Les beaux discours autour de la notion de « Groupe Intégré » du PDG ne doivent pas berner les représentants de la Nation.
Ce projet de démantèlement, dont les arguments ont d’ailleurs tendance à évoluer en fonction des doutes émis par les contradicteurs ou des négociations avec la Commission Européenne, ne répond en rien aux missions premières d’EDF.

La Direction d’EDF affirme trouver des solutions sans avoir le diagnostic que doit fournir le bilan de la déréglementation et en restant dans sa logique figée de plaire aux seules agences de notation financière alors que le problème est politique par sa dimension sociale, industrielle et environnementale que porte le secteur de l’énergie !

Notons que l’équation comporte toujours deux inconnues :

  1. En 10 ans, quel est le bilan de la loi Nome pour EDF ?
  2. Combien rapporterait l’ouverture du capital d’EDF Vert ?

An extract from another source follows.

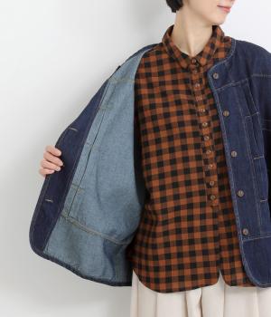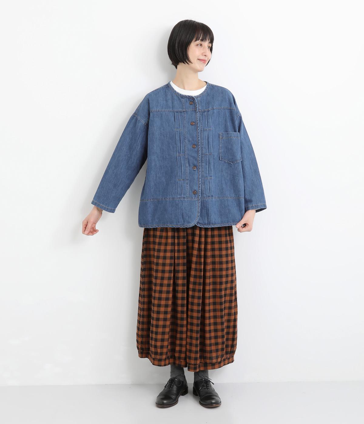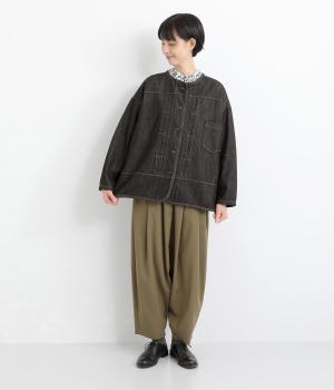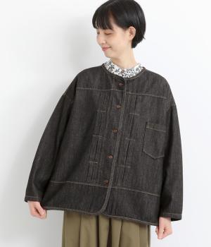 やさしい着心地で軽やかに羽織れるジャケットです。前立てのタックがアクセントを添え、裾の曲線がやわらかい雰囲気を与えます。ノーカラーで顔まわりをすっきり見せ、インナーとも合わせやすく仕立てました。

Il y a fort à parier que cette solution quasi divine Hercule soit mise en avant pour exécuter un détournement de l’objet social d’EDF qui n’a pas vocation à faire du business international opportuniste à base d’ENR.

Produire, transporter, distribuer et vendre de l’électricité, partout en France, pour tous, par tous les temps au même prix, le plus bas possible, 24H/24, 7jours/7, toute l’année avec une qualité optimale. Voici la définition de notre Service Public de l’électricité.

Aujourd’hui, face aux difficultés économiques, industrielles, financières, sociales et sanitaires, les choix politico-financiers faits depuis de nombreuses années doivent être remis en cause. Le sens de l’intérêt général, avec des planifications stratégiques de long terme dignes de ce nom doivent voir le jour urgemment.

L’électricité ne peut pas être considérée comme une marchandise, c’est un bien vital pour toute la population et pour l’économie, en France et ailleurs. L’exemple récent du Texas, avec des pertes de vie humaine et de l’envolée du marché et des factures sur un simple épisode de grand froid doit d’ailleurs nous faire réagir.

Pour la FNME-CGT, il est primordial et urgent de sortir l’électricité du carcan des marchés.

EDF doit être une entreprise intégrée, seule forme possible pour répondre aux défis de demain.

EDF doit revenir en ÉPIC sous l’égide unique de la Nation pour répondre aux besoins de tous les usagers, dans l’intérêt général. C’est un gage d’efficacité incontournable à nos yeux.

De nombreux États européens ou pays dans le monde ont su, au travers de leurs représentants politiques prendre des positions qui sécurisent et protègent leur secteur énergétique. Contrairement à ce qui est souvent posé, nous ne sommes pas dans une impasse car d’autres choix sont possibles.

C’est dans cet esprit que la FNME-CGT a construit le Programme Progressiste de l’Énergie qu’elle diffuse actuellement dans le pays et qui reçoit un accueil très favorable dans la population, bon nombre d’entre vous en ont connaissance.